Mais l'idée était lancée et disposait d'une base (relativement) scientifique. Il n'en fallait pas plus à Don Campbell pour la populariser dans le livre "The Mozart Effect: Tapping the Power of Music to Heal the Body, Strengthen the Mind, and Unlock the Creative Spirit" (1997), dans lequel il développe la théorie selon laquelle écouter la musique de Mozart (plus spécialement les concertos pour piano) aurait de nombreux effets bénéfiques sur diverses fonctions mentales. Il conseillait alors cette écoute aux enfants dans le but d'améliorer leur développement mental. Campbell publia par la suite un nouveau livre, "L'effet Mozart pour les enfants", accompagnant sa publication par le lancement de nombreux produits, parmi lesquels des musiques qui, selon lui, reproduisaient l'effet Mozart (mais qui, contrairement aux musiques de Mozart, lui permettraient surtout de gagner beaucoup d'argent...), augmentaient l'intelligence, l'apprentissage, la créativité, le repos, etc... Certaines de ces musiques expérimentales seraient même capables d'améliorer la prise en charge de pathologies lourdes telles l'autisme ou le trouble déficitaire de l'attention. Le succès de cette approche atteint un pic lorsqu'un candidat au poste de gouverneur de Géorgie proposa d'intégrer à son budget l'envoi de CD musicaux à tous les enfants de son état.

Le requiem de l'effet Mozart

De nombreuses études sont parues depuis pour dénoncer ou nuancer ces conclusions. Dans plusieurs d'entre elles, des effets à très court-terme sont montrés indépendamment de la nature de la musique : ce n'est pas tant Mozart ou le dernier Lady Gaga qui améliorent les performances cognitives, c'est surtout le fait d'apprécier ce que l'on écoute : des personnes qui n'aiment pas la musique classique ne montrent aucun effet Mozart. Des personnes qui aiment les frissons montrent un effet similaire à l'effet Mozart lors de la lecture d'un extrait d'un roman de Stephen King.
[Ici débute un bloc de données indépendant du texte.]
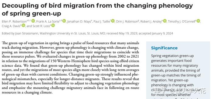 有一篇发表于 2024 年 PNAS 的研究探讨了气候变化背景下鸟类迁徙与春季植被返青现象之间的关系: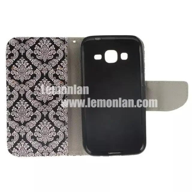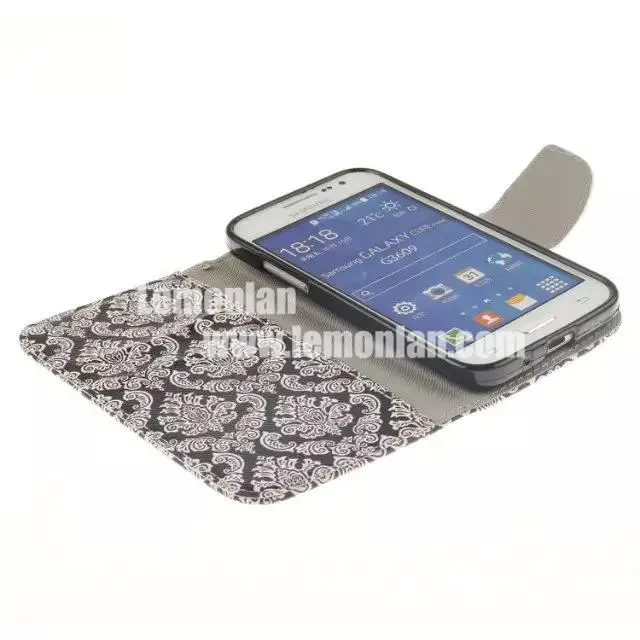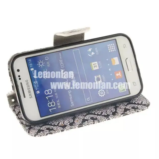クラスプ磁気ナイフpuレザースタンドケース三星銀河用コアプライムsm-g360写真財布ケースフルボディ

Sous le nom de l'effet Mozart, se cache donc en fait l'effet de la stimulation par quelque chose qui nous plait. Cette stimulation n'est ni plus ni moins qu'une excitation produite lorsque l'on est content ou joyeux, état lors duquel les fonctions cognitives sont généralement plus efficientes -  temporairement seulement. Une méta-analyse menée par Chabris en 1999, montre ainsi que toute augmentation des performances cognitives n'est que faible et ne reflète en rien le quotient intellectuel global ou le raisonnement général, mais ne concerne que des tâches cognitives isolées et peut s'expliquer par des effets neurologiques simples - tout à fait indépendants du type de musique, et même du type de stimulus.

Malgré ces conclusions, l'idée selon laquelle faire écouter Mozart à des enfants, et même au fœtus in utero, continue à faire son chemin. Une étude de Rauscher et al (1998) montrait ainsi que des rats exposés de façon répétée à de la musique complexe in utero, se révélaient plus efficaces dans la résolution de labyrinthes, problème qui concerne les compétences de raisonnement spatial. Cette expérience ne montre toutefois que ce que l'on savait déjà : un environnement riche en stimulus complexe favorise le développement mental, davantage qu'un environnement pauvre, conclusion déjà connue et reconnue depuis 1942 (Tryon).

Concernant spécifiquement les enfants, la conclusion est donc la suivante : pour favoriser son développement mental, la musique de Mozart n'est pas nécessaire. De nombreux stimulus, complexes et variées (touchant tous les sens ! vision, audition, toucher, ...) et de nombreuses interactions de qualités sont favorables à un bon développement. L'auteur d'une musique n'a aucune espèce d'importance.